Yes, _instansiating_ a Locale.Charset.decoder can throw an error.
Using utf8_to_string for utf-8 wouldn't make the parser strict, you still wouldn't catch errors in other encodings.
You are welcome to implement such a strict mode. In addition to detecting illegal sequences in UTF-* and ISO-2022, it should do range checking on "normal" character encodings, so that you can't use \x7f in US-ASCII for example.
/ Marcus Comstedt (ACROSS) (Hail Ilpalazzo!)
Previous text:
2003-03-06 11:03: Subject: decoder for utf-8
Well, Locale.Charset.decoder does at least throw when fed an encoding name it can't recognize:
Locale.Charset.decoder("foo");
Unknown character encoding foo /usr/local/pike/7.4.13/lib/modules/_Charset.pmod:214: Locale.Charset->decoder("foo")

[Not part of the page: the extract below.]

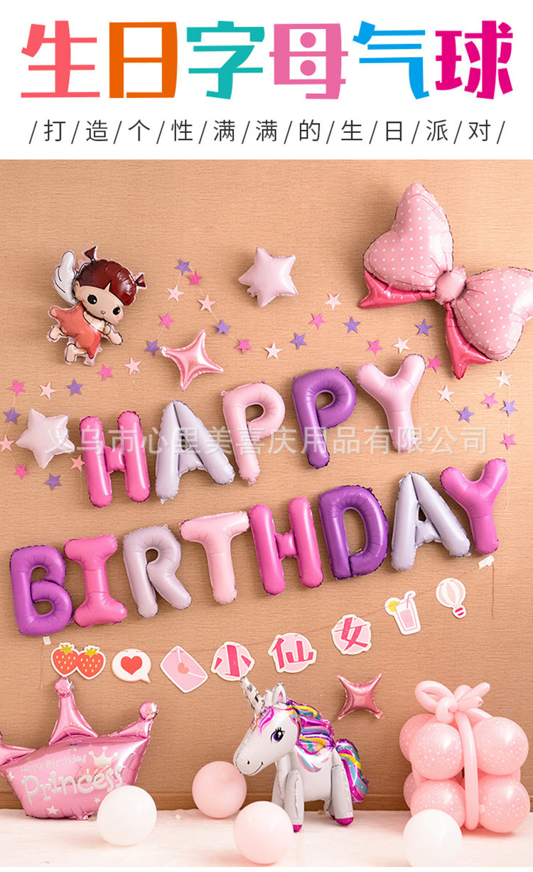16寸铝膜气球字母生日快乐气球主题派对布置装饰happybirthday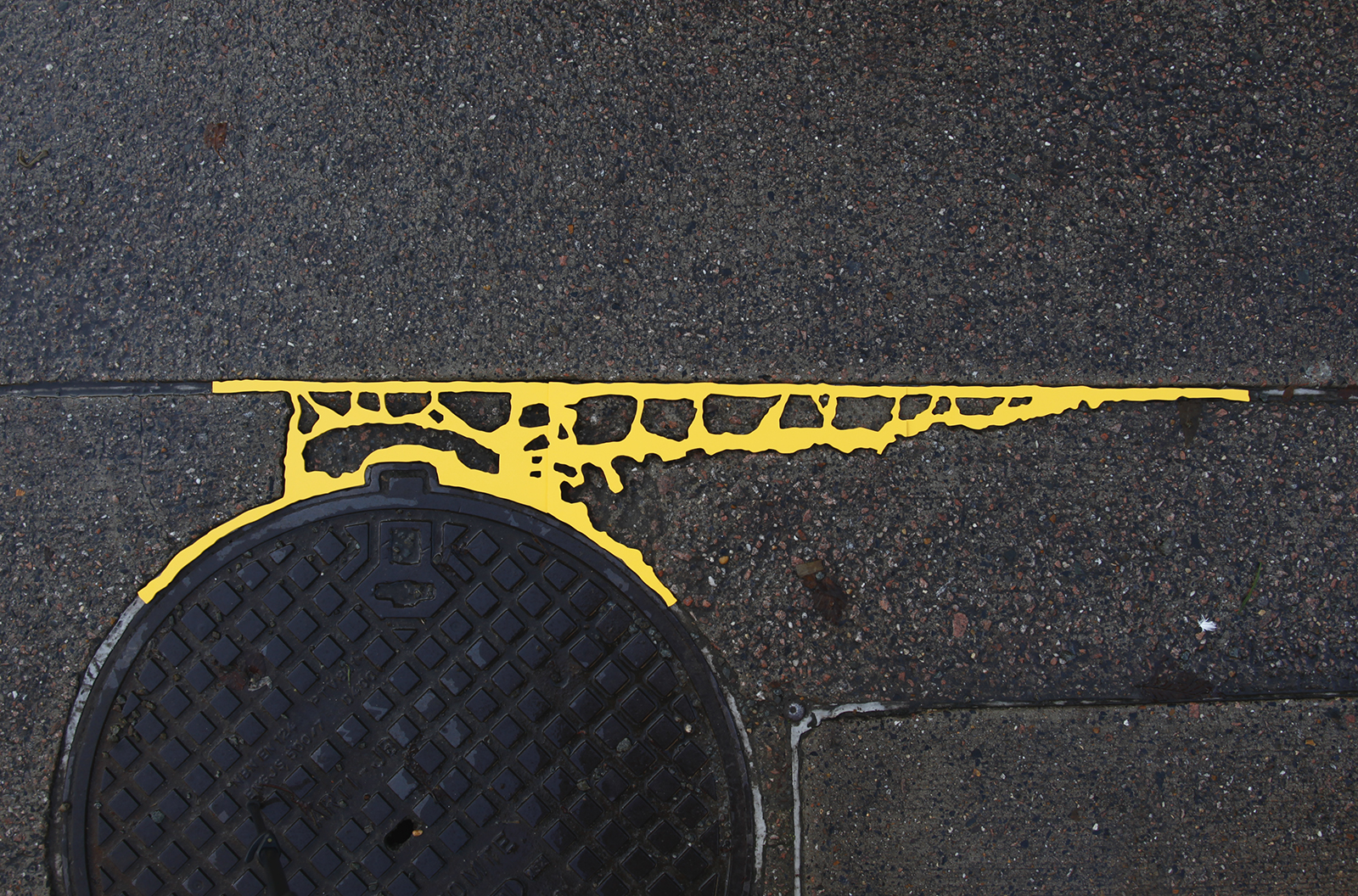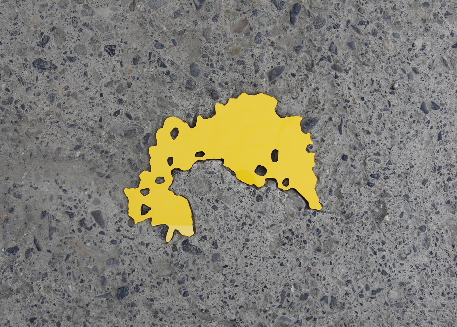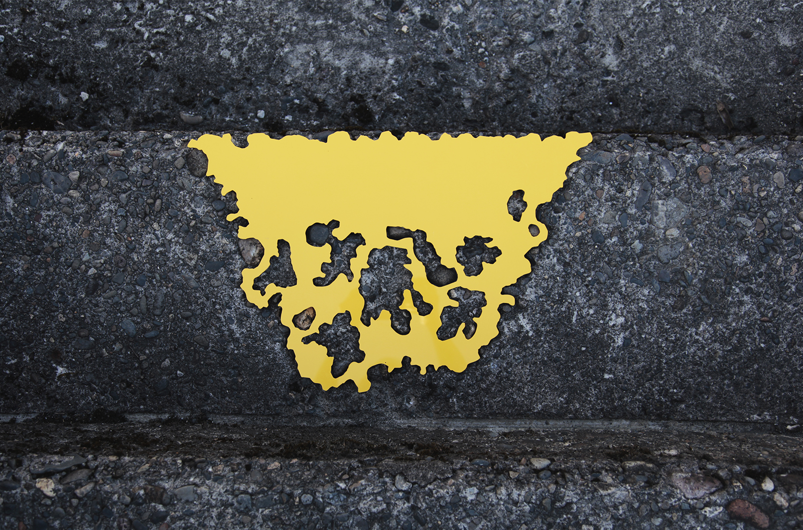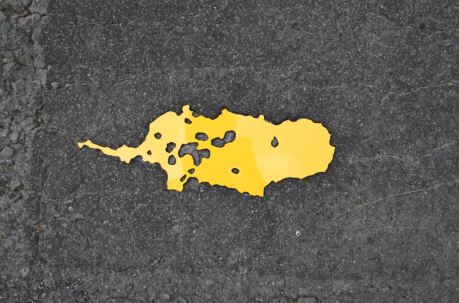 Hecomi are everywhere, on roads, exterior or interior walls, floors, corridors, and ceilings. If I find one amongst them that I like, I will transfer its outline onto transparent film. I can then use PVC to create a positive – a flat object that fits directly into the actual crack. It is a dramatic moment when this unique key tightly fits in the keyhole with a click. By filling in the previously empty space, its shape stands out and sometimes I wonder about the stories of those lost pieces.

and that certainly is a Good Thing. The current behavior on "utf-8" unfortunately rules out using the decoder in an XML parser that wants to make a best effort to comply with the spec (even if full compliance isn't a realistic goal, in view of the bloated overengineered specification, *sigh*). That of course can be worked around by special-casing "utf-8" to use utf8_to_string, which seems to be more strict. But who knows what traps lurk in the handling of other encodings...
Wishful thinking: perhaps someday the Charset module might support a "strict mode", where it refuses to swallow sequences that are invalid in the given encoding?
/ rjb